RECORDS SHOWN:
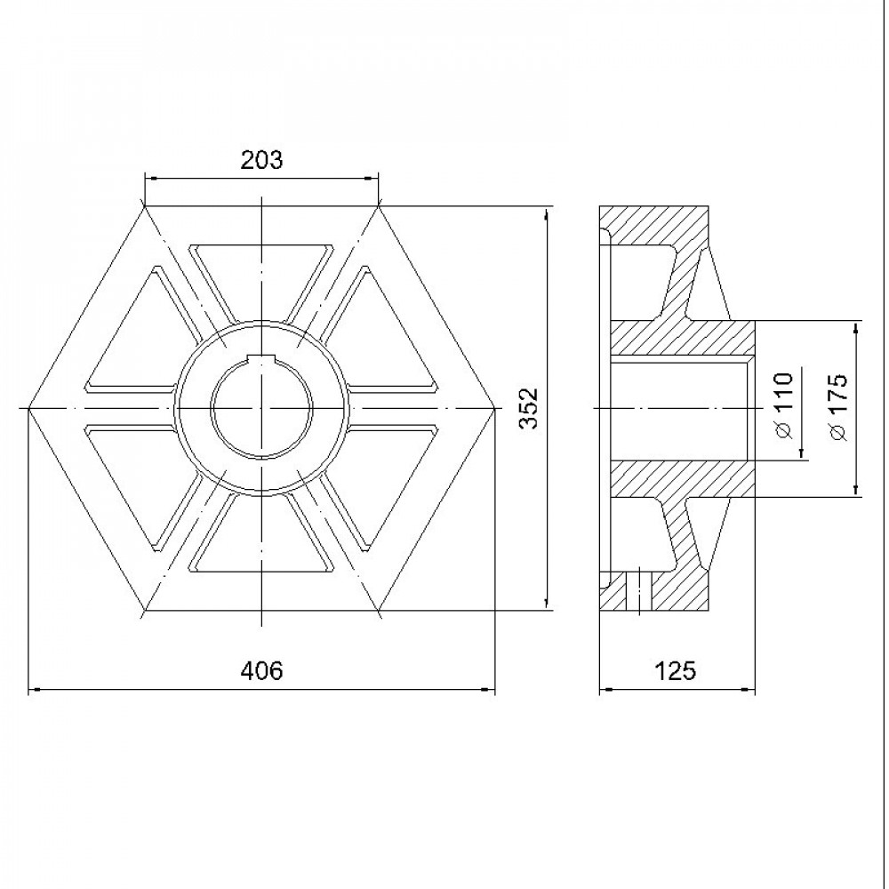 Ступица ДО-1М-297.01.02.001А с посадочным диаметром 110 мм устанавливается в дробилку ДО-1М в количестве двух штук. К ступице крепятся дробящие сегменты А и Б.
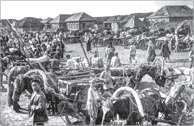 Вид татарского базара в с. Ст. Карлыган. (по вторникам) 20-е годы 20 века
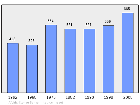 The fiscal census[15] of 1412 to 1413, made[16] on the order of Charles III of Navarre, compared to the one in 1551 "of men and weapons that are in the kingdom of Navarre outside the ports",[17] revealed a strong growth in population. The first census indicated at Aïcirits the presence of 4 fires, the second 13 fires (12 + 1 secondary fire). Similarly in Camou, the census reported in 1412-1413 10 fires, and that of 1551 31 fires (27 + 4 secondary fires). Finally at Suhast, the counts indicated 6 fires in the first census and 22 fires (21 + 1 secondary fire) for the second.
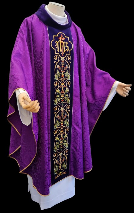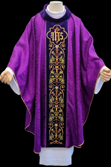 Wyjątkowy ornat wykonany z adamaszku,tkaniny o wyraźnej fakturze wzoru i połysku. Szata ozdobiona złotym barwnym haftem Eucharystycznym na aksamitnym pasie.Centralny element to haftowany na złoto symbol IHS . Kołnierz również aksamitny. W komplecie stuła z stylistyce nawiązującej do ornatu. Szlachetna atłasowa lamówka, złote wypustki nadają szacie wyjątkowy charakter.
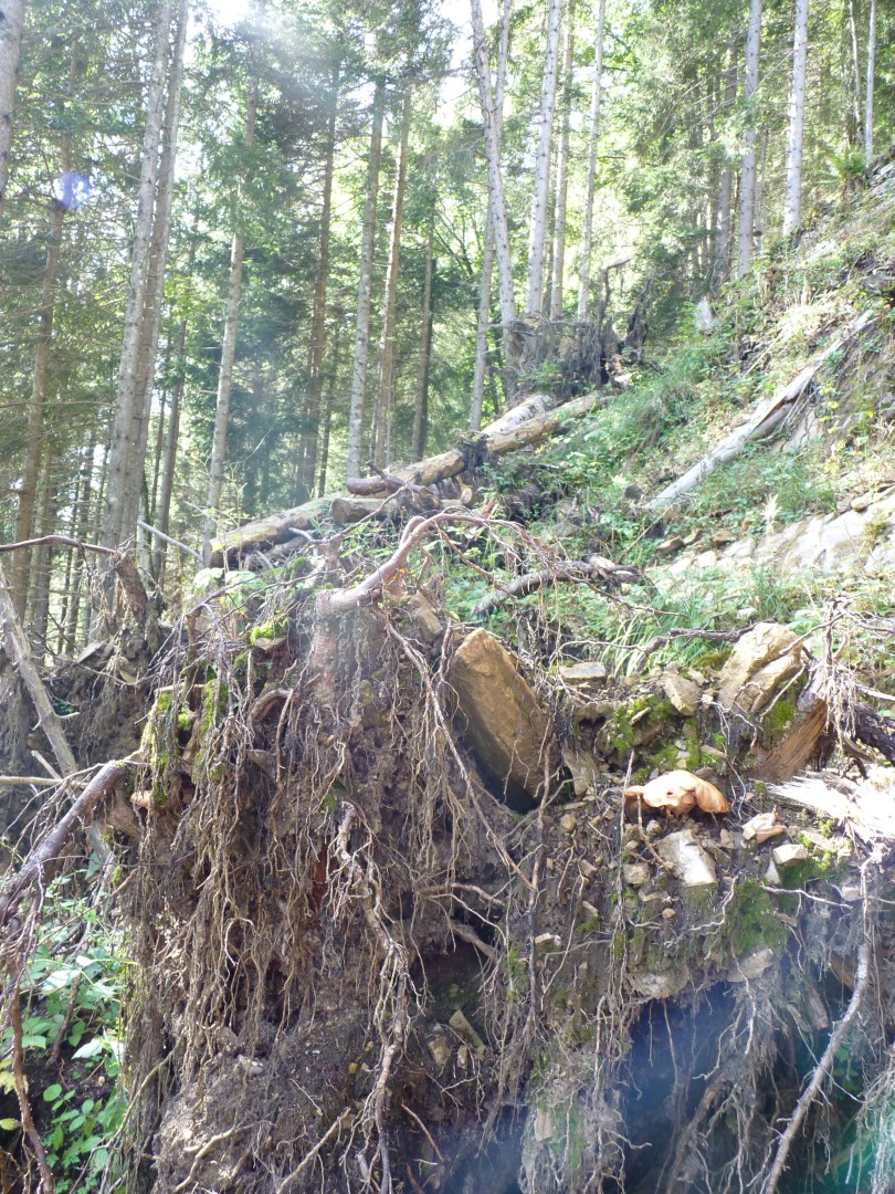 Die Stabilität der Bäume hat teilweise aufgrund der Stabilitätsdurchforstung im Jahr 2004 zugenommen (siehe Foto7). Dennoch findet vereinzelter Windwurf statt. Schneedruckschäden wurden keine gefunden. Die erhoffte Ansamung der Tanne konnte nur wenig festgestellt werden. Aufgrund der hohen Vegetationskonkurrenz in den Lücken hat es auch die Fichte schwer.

---

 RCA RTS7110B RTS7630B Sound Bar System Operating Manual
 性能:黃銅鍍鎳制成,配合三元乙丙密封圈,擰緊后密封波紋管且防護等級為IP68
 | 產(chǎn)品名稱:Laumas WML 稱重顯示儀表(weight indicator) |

DESCRIPTION OF THE TASK: Leave the pictures out. Output, exactly, the lines of the material above starting at the line containing "Ступица ДО-1М-297.01.02.001А с" and ending at the line containing "Вид татарского базара".

FINISHED EXERCISE:
 Ступица ДО-1М-297.01.02.001А с посадочным диаметром 110 мм устанавливается в дробилку ДО-1М в количестве двух штук. К ступице крепятся дробящие сегменты А и Б.
 Вид татарского базара в с. Ст. Карлыган. (по вторникам) 20-е годы 20 века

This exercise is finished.